Fog is a cloud of tiny water droplets that forms at ground level and is thick enough to limit horizontal visibility to less than 1 kilometre. The presence of heavy and extended periods of fog in the Indo-Gangetic Plains is one of the major weather hazards, impacting road transportation, aviation, the economy and public life in general. So, it is essential to be able to detect the fog in time, in order to deal with a large number of influence factors. The ground observations, which are manual and automatic visibility measurements, are limited in spatial and temporal coverage. The satellite products especially from geostationary platforms have the advantage of temporally continuous data over a large spatial extent. The present work is on the retrieval of fog from geostationary satellite data over Indo-Gangetic Plains. The state-of-art fog products over IG plains are Fog/Low stratus clouds and that too doesn’t have good accuracy during dawn and dusk. In this research, the emphasises is on the retrieval of pure foggy pixels during the whole day including dawn and dusk. The algorithm has been developed using Random Forest (RF) machine learning techniques. The data used is of MSG (Meteosat second generation) SEVIRI (Spinning Enhanced Visible and Infrared Imager) onboard Meteosat-8 and ground visibility data. The SEVIRI has capability to provide data in 11 spectral bands at 3 km resolution and in one high resolution visible (HRV) band at 1 km resolution every 15 minutes. The sensor has wavelengths ranging from visible (0.56 µm) to thermal infrared (14.40 µm) region of EM spectrum. The ground data used are acquired from Surface synoptic observation (SYNOP) and Meteorological Aviation Routine Weather Reports (METAR). A total of 11 METAR stations and 121 SYNOP stations are available in the study area.

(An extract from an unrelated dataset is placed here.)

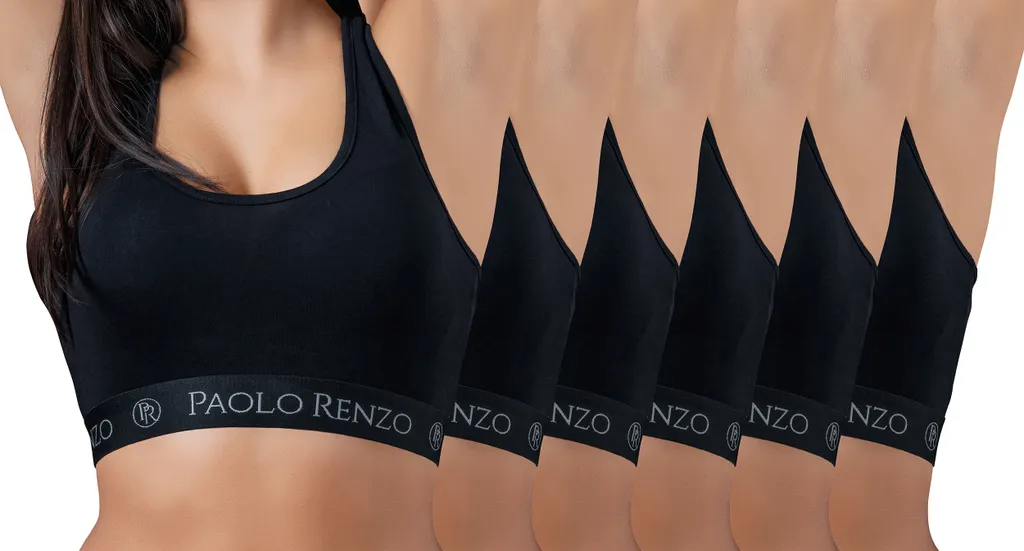 Paolo Renzo Damen Bustier SPORT LINE 6 Stück – Baumwoll Bustier – Sport Bustier – Größe XL – Schwarz

The Random Forest model was trained using SEVIRI data and topography data as inputs and the fog data as target feature. A total of 17,856 images (of three winter seasons i.e. December and January) of SEVIRI are used for the training of RF model. After conducting many experiments and going through many trial and errors a Fog retrieval algorithm was developed to generate a fog map with minimal error. The inputs parameters which are selected here for fog retrieval algorithm includes, the band values from eleven different bands of SEVIRI, some of the band differences and the elevation data. Each parameter contributes to the algorithm’s overall accuracy in its own way. Elevation has the highest importance in the classification of fog, followed by band 1 (0.6 µm) and band 2 (0.8 µm) of SEVIRI. The algorithm developed has been proven capable of detecting fog irrespective of time i.e. day, night, dawn and dusk with high accuracy. Moreover, the final product is the pure fog product rather than Fog/Low stratus clouds. Figure shows typical fog images retrieved during dawn, day, dusk and night on January 7, 2021.

Figure: Fog images retrieved during Dawn, Day, Dusk and Night Time on January 7, 2021
Cross validation results show that the retrieved fog products have good accordance with ground observation data with an overall accuracy of 88% which means the algorithm is successful in classifying 88% of fog and non-fog events. The Hit rate of the classification is 61%, which means that the 61% of foggy pixels were correctly classified.